The main sections of the road, Arkhara-Khabarovsk and Baranovskii-Vladivostok, were constructed in 1893–97. During the years of Soviet power the following lines have been built in regions of the Far East: Manzovka-Turii Rog (1933): Volochaevka-Komsomol’sk-na-Amure, Manzovka-Varfolo-meevka (1940); Baranovskii-Kraskino, Nadezhdinskaia-Suchan-Sergeevka, Birobidzhan-Leninsk, and some other lines (1941); Komsomol’sk-na-Amure (Pivan’)-Sovetskaia Gavan’ (1947); and Izvestkovaia-Urgal (1951) and its continuation to Chegdomyn (1958). This construction made it possible to open up a number of coal fields (including Suchan and Urgal), make outlets to seaports, start the development of forest resources and deposits of iron and polymetallic ores, contribute to the development of the fishing industry, and fulfill a number of other economic tasks. A ferry connection is maintained between the Komsomo I’sk-na-Amure railroad station and Pivan’, and in the winter an ice railroad is set up.

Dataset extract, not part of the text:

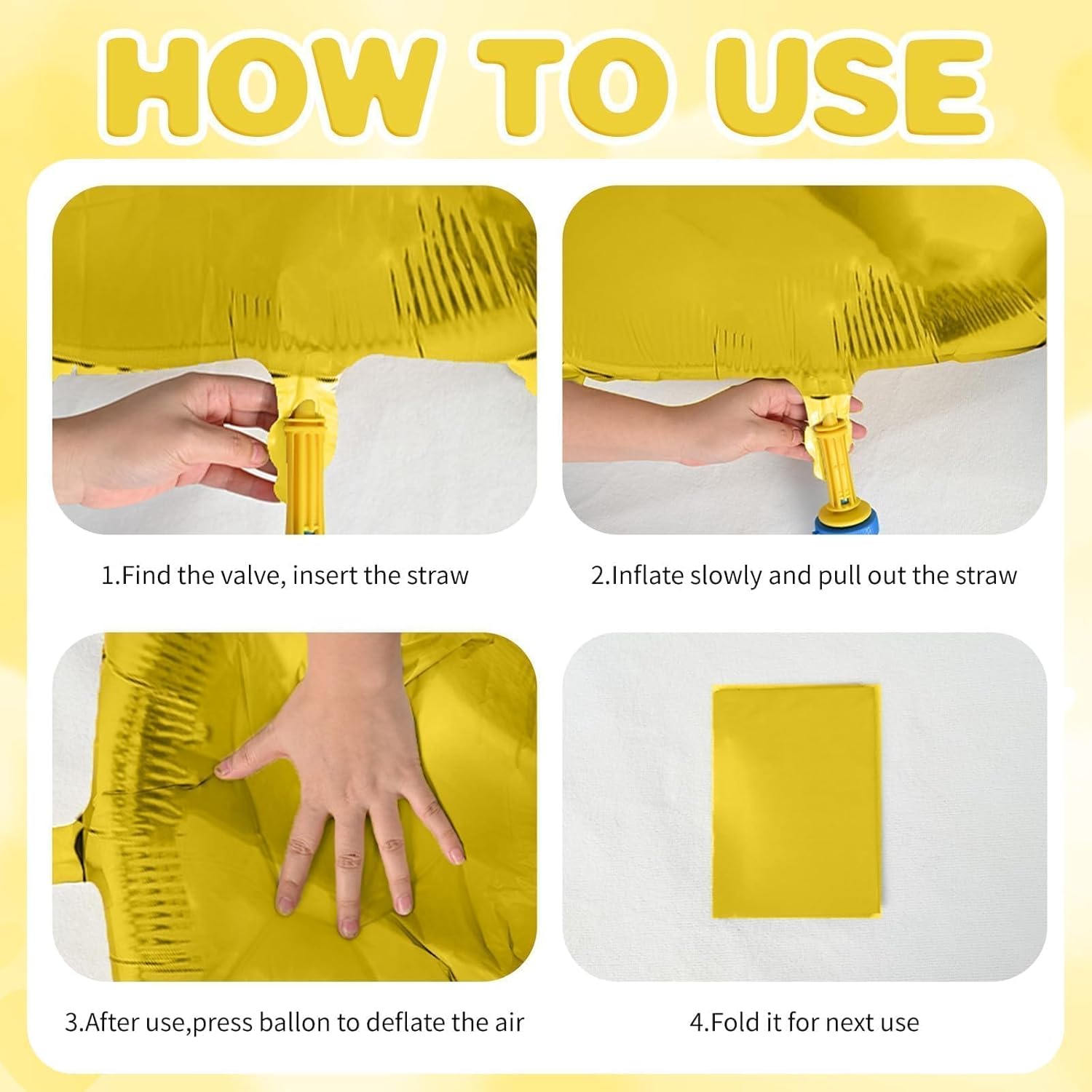 - Easy To Use:These gold heart foil balloons are suitable for helium or air. Easy to inflate using the a straw or an air handheld pump. This heart foil balloon adopts self-sealing design, you only need to press the inflation port to seal it after finishing inflate. The balloons are reusable and can be folded up for next use after being deflated with a straw.

The former South Sakhalin Railroad, which serves Sakhalin Oblast, joined the Far East Railroad in 1963. It is cut off from the rest of the network, is narrow gauge (1.067 m). and runs along the east coast from Korsakov to Tymovskoe and along the west coast from Shakhta to H’insk, with the connecting route between the Iuzhno Sakhalinsk and Kholmsk (Poliakovo). At Vladivostok, Nakhodka, Pos’et, Vanino, Korsakov, Nevel’sk, Kholmsk, and Poronaisk the Far East railroad connects with maritime transportation, and at Komsomol’sk-na-Amure and Khabarovsk with river transportation. In 1970 the freight turnover of the Far East Railroad amounted to 2.1 percent of the turnover for the entire rail network. Over 95 percent of the freight turnover is handled by electric and diesel traction. In the total volume of freight turnover, incoming accounts for 40 percent, outgoing for 12 percent, and local traffic for 45 percent. The road brings in metals, coal, some building materials, certain types of petroleum products, products of machine building and the light and food industries, and occasionally grain, and it carries out chiefly lumber, products of the timber industry, fish, and canned goods.
In 1970 total passenger traffic amounted to 1.4 percent of the passenger traffic for the entire national rail network.